GOOD NEWS AND BAD NEWS
Most people are aware that April 15 is tax day. That simply means that you have to have your taxes filed and paid by that date and that the year that those taxes are due for are from January 1st to December 31st of the previous year. New York, however, takes a slightly different approach to estate tax liability. Estate tax liability rates are set from April 1st to March 31st. So, if you are administering an estate, wherein the deceased passed away on March 30, the estate tax liability will be different and lower than if they passed away on April 2 of the same year. As this blog discussed in the past, New York state amended its estate tax in 2014 so that it will be on par with the federal estate tax rate in 2019. Prior to 2014, New York had an estate tax exclusion of one million dollars. As of April 1, 2016 the estate tax exclusion is $4,187,500. As such the good news is that with the passage of the changes to the estate tax laws, more estates will not have to pay any estate tax at all. The bad news is that the majority of the estates that exceed that value will likely have to pay a higher tax rate than before and maybe even more than the federal tax rate.
Starting in 2019, New York’s estate tax rate exclusion will mirror the federal amounts. Since both are pegged to inflation, they will grow year to year. That is where the differences will end. Under the federal estate tax, only the amount above the federal tax exclusion is taxed. So, just to make the example easy, if the federal tax exclusion is $5,000,000 (it is not), an estate worth $6,000,000 would only be taxed by the federal government on $1,000,000. New York’s estate tax requires that if the estate is greater than 105% of the exclusion, the entire estate is taxed. So, with the same example immediately above, the entire estate (6,000,000) would be taxed. If the estate was say $5,249,999 (one dollar less than 105%) instead of 6,000,000, the entire amount would not be taxed, since the estate has to exceed 105%. If the estate was $5,250,001 (one dollar more than 105%), the entire estate would be taxed.

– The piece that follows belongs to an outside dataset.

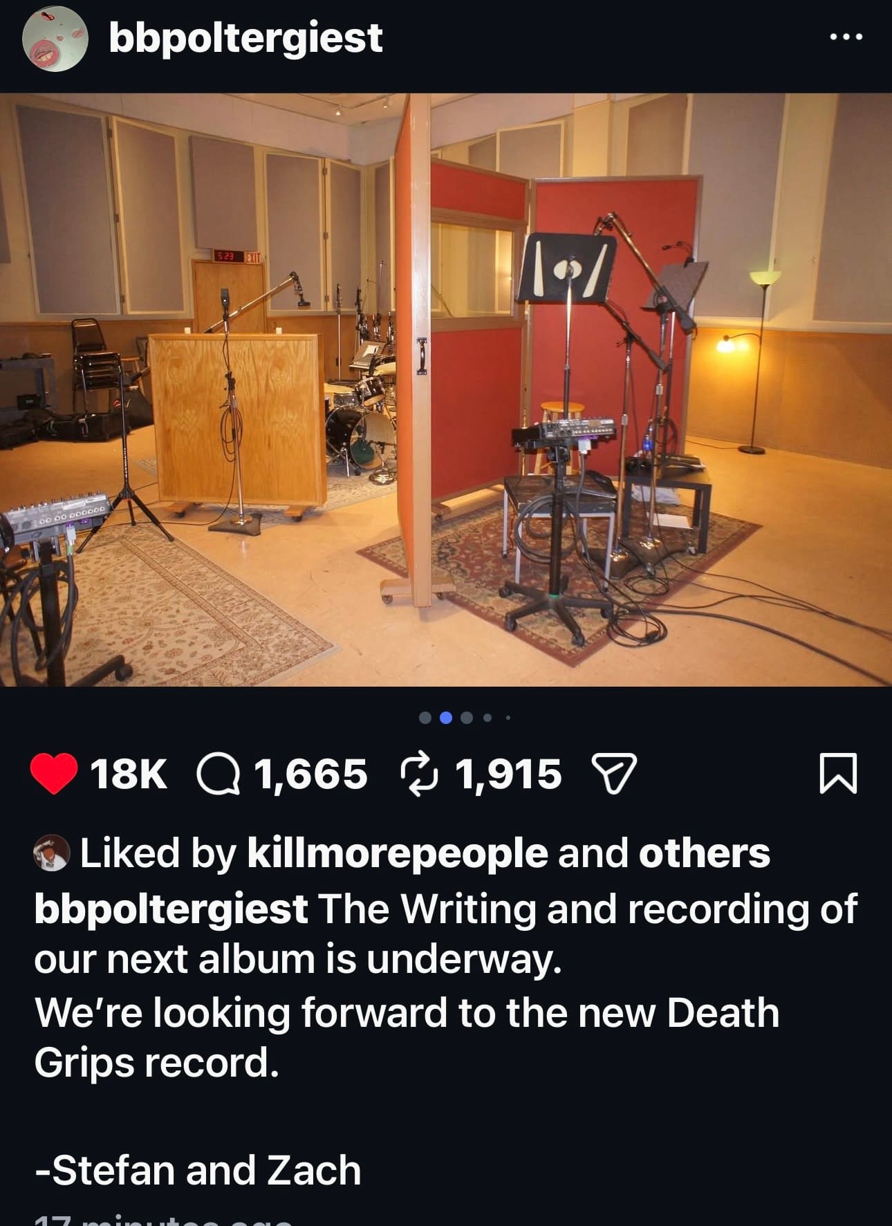 “The Writing [sic] and recording of our next album is underway. We're looking forward to the new Death Grips record.

A second difference between New York estate tax and Federal estate tax is that New York does not allow the estate tax credit to carry from first spouse to pass away to the second. In other words there is no portability of tax credits as there is in federal tax law. That means that for those estates that could possibly breach the threshold of the estate tax value, it is imperative to engage in estate tax planning to insure that the spousal estate tax credit is sheltered.
Finally, there is no gift tax found under New York estate tax. Theoretically this would make estate tax planning much easier, except that one still have to plan for gift tax issues due to federal estate tax purposes. Moreover, any gift made within three years prior to death is included within the value of the estate for estate tax purposes.